Oct 30 2014

Homeopathy for Ebola

New Zealand Green MP, Steffan Browning, stepped in it recently when he signed a petition asking the World Health Organization (WHO) to develop and distribute homeopathic remedies to end the Ebola epidemic. Unfortunately this is not an Onion article.

Browning later tried to do damage control by stating that his support of the petition was “unwise” and he blamed it partly on it being late at night when he signed it.

Asked whether he thought homeopathy could cure Ebola, Mr Browning said: “It’s not for me to go down that track at all. The World Health Organisation, world health authorities are doing that.”

This is a common political response. Ask a Republican eyeing national office what they think about global warming or evolution and you might get a similar answer. It is a disingenuous dodge to essentially say, “I’ll let the scientists decide.” when they have already decided. It’s simply a way to stake out a neutral position and not piss anyone off.

Politicians today, however, cannot simply avoid questions of basic scientific literacy. Participating in government requires a civic scientific literacy. This, in fact, is an excellent example why that is the case.

Should we be expending any resources  testing and distributing homeopathic potions to address the Ebola crisis? It doesn’t take much scientific literacy to know that the answer is a clear no. We shouldn’t waste a dime on homeopathy, nor should we test homeopathy on Ebola patients when we could be testing real medicines.
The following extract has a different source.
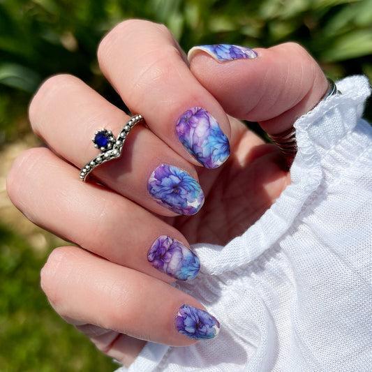 “Pink Blue Bliss” is the epitome of a calming and cheerful birthday mani. Imagine a base coat of a soft, baby blue that instantly evokes feelings of serenity and peace. This cool hue beautifully complements the delicate floral decals or hand-painted designs in shades of baby pink. Play around with different flower shapes and sizes, or even create a whimsical scattered effect. A touch of shimmer, either on the pink flowers or as a subtle top coat, adds a touch of birthday flair without overwhelming the serene aesthetic. This design is perfect for the birthday girl who wants a manicure that’s both pretty and relaxing, celebrating your special day with a touch of tranquil charm.

Homeopathy is 100% nonsense. It is a pre-scientific belief system that runs contrary to many areas of basic science. Its potions follow rules more akin to witchcraft than science, and are essentially fairy dust diluted out of existence. Further, when tested in clinical trials, homeopathy simply does not work.

The problem is that today’s homeopaths are essentially pseudoscientists. They are doing it wrong (profoundly so) but don’t realize it or don’t care. They cherry-pick weak studies, use terrible trial design, and ignore the well-controlled trials that are negative. Because double-blind trials don’t give them the results they want, they increasingly rely on less rigorous studies or studies that are not even designed to test efficacy.
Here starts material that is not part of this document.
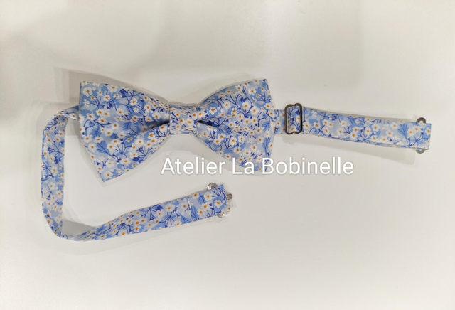 Noeud papillon en tissu coton oeko-tex Liberty couleur bleu clair avec petites fleurs paquerettes blanches.

They also point to preliminary studies looking at the properties of water, mostly showing extremely transient effects, and then argue that this means water has “memory” that could contain complex biological information and survive the process of serial dilution, placement on a sugar pill, storage, ingestion, digestion, absorption, and transportation in the body. This is like building a skyscraper out of gelatin, and I’m not so sure the gelatin isn’t really just water.

As an example of their grasping at any straw, the cite historical data to claim that homeopathic treatments are effective in epidemics.  The cases they cite, often more than 100 years old, are essentially the anecdotes recorded by homeopaths. Forgive me if I am not impressed by the scientific rigor of a 19th century homeopath. This data is, to put it briefly, utterly useless, but this is really the best homeopaths have. I would also point out that mainstream medicine was quite useless, even harmful, in the 19th century, and so comparing yourself to this standard is also not very helpful.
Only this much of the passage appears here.